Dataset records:
+ + + + + + +

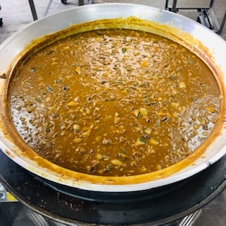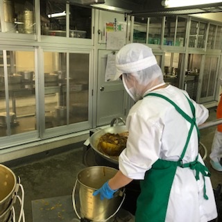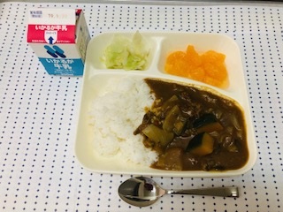 〇今日のカレーライスには、かぼちゃ、たまねぎ、ナス、トマト、ピーマン、セロリ、にんにくがはいっています。
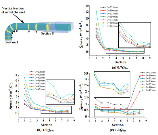 Entropy production of different sections in outlet channel under various flow rates: (a) 0.7 Qdes; (b) 1.0 Qdes; and (c) 1.3 Qdes.
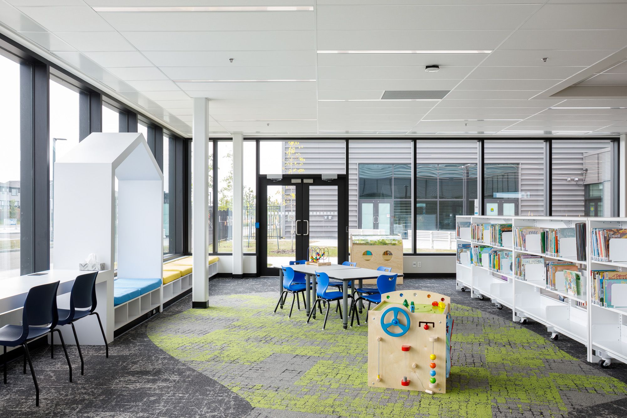 But Heavy Metal Place extends well beyond the ice. A full-service branch of the Spruce Grove Public Library, a black box theatre, the LJL Galleries Community Art Gallery, an indoor running track, universal dressing rooms, and a pro shop all share a central lobby that encourages connection across programs. Just steps away, the new Spruce Grove Transit Centre links the building to the broader region, making it a true hub for both activity and access.
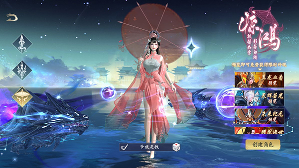 1、游戏内有着游龙、龙女、惊鸿三大职业可以选择,每种职业都有独特的技能和培养方向,玩家可以选择自己喜欢的职业进入游戏。
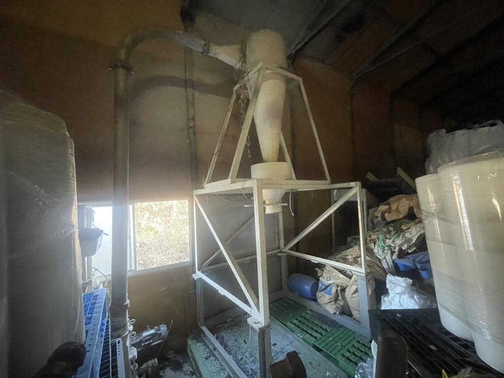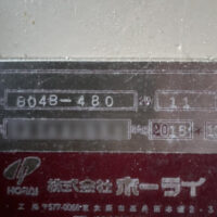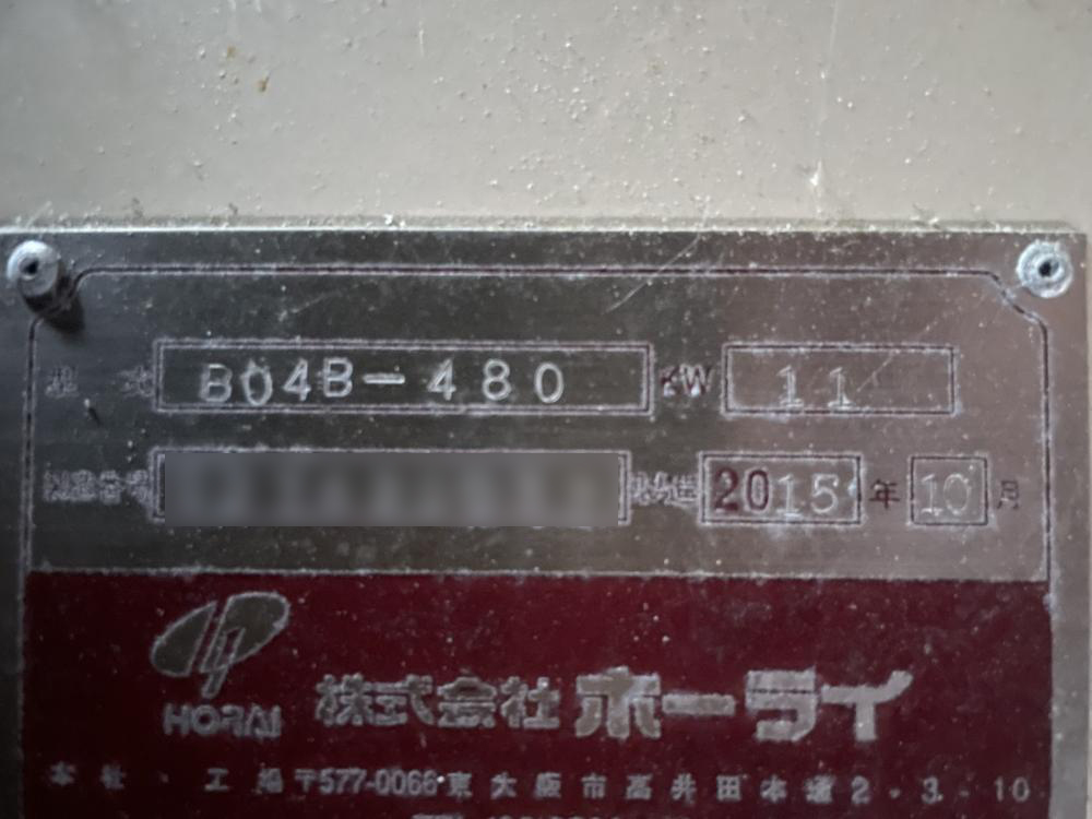 | 【内容】 | ・品名:ホーライ製粉砕機 11㎾ ・メーカー:ホーライ ・型式:B04B-480 ・年式:2015年 ・付属品:送風機、サイクロン付き 【粉砕機】 ・高さ:約1,820 mm ・幅 :約1,370 mm ・奥行:約750 mm 【サイクロン本体】 ・高さ:約2,120 mm ・径 :約520 mm 【サイクロン(架台込み)】 ・高さ:約3,590 mm ・幅 :約1,600 mm ・奥行:約1,400 mm 【操作盤】 ・高さ:約1,750 mm ・幅 :約600 mm ・奥行:約260 mm |

+ + + + + + +

(Description of the task): Output the data above exactly, beginning at its first line and ending with the line that holds "Entropy production of". Leave out the pictures and add nothing.

(Solved exercise):
 〇今日のカレーライスには、かぼちゃ、たまねぎ、ナス、トマト、ピーマン、セロリ、にんにくがはいっています。
 Entropy production of different sections in outlet channel under various flow rates: (a) 0.7 Qdes; (b) 1.0 Qdes; and (c) 1.3 Qdes.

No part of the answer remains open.